Open-Collector Gates — Purpose of the pull-up resistor Why is an external pull-up resistor required when using an open-collector logic gate output, and what does it provide to the node?

Introduction / Context:
Open-collector outputs act like a switch to ground but cannot drive a logic HIGH level on their own. An external pull-up resistor is therefore mandatory to create a defined HIGH state when the transistor is OFF.

Given Data / Assumptions:

• OC outputs can only sink current (pull LOW) when ON.
• When OFF, the output floats unless externally biased.
• A resistor to a positive rail is used to generate the HIGH logic level.

Concept / Approach:
The pull-up resistor sources current into the node, raising it to the desired HIGH voltage when the OC transistor is OFF. When the transistor turns ON, it sinks current through the resistor to ground, pulling the node LOW.

Step-by-Step Solution:
OFF state → no internal source → external pull-up sets node HIGH.ON state → transistor conducts → node pulled LOW by sinking current.Therefore, the resistor provides the HIGH voltage level.

Verification / Alternative check:
Design equations select Rpull-up to balance rise time and sink current limits: I_sink = (VCC − VOL) / Rpull-up and tr ≈ Rpull-up * Cload.
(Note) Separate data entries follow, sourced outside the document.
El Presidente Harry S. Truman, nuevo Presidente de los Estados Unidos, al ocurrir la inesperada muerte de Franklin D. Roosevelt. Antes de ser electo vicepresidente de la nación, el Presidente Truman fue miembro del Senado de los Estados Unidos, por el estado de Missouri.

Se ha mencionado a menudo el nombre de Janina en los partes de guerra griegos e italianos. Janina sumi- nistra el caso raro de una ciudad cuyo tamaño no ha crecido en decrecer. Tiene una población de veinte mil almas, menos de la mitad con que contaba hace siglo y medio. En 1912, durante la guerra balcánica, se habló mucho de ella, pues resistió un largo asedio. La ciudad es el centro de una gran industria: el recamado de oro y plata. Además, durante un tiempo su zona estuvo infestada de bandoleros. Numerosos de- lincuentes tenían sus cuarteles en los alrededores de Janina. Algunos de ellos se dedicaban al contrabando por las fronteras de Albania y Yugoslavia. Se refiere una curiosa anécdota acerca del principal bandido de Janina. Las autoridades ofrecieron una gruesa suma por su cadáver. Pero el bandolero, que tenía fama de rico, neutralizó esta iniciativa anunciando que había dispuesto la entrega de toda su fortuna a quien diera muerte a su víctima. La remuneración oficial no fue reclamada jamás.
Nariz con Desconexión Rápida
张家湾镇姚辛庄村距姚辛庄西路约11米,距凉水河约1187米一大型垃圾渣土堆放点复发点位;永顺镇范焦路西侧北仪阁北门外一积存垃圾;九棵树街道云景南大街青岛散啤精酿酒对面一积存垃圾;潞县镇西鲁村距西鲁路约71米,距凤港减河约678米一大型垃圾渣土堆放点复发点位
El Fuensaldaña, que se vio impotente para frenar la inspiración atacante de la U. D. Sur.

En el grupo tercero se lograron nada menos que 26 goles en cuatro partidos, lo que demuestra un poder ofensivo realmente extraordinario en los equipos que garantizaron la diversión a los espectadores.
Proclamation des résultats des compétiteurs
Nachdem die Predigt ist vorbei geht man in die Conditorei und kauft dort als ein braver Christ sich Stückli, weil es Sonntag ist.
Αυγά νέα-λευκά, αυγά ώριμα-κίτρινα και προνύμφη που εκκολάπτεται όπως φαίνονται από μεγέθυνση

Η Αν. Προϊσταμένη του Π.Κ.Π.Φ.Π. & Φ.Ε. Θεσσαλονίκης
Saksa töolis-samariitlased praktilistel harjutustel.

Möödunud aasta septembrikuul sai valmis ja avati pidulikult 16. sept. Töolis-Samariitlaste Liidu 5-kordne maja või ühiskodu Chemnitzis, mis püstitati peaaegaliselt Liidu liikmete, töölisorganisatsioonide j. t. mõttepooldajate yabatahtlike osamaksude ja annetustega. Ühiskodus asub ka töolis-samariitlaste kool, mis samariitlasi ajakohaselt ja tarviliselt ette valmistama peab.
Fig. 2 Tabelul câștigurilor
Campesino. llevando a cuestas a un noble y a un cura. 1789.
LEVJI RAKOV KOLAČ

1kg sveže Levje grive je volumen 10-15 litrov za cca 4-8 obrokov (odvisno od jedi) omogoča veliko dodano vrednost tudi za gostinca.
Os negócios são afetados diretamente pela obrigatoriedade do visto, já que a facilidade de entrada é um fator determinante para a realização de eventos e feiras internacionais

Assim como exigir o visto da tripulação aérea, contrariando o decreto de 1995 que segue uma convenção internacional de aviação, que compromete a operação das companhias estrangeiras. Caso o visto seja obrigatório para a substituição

Why Other Options Are Wrong:

• a, b: VCC and GND pins are supplied directly; the resistor does not power the IC.
• d: The LOW level is provided by the transistor’s sinking action, not the resistor.

Common Pitfalls:
Using an excessively weak pull-up (slow edges) or too strong (over-current when LOW). Also ensure voltage compatibility if level-shifting.

Final Answer:
to provide the HIGH voltage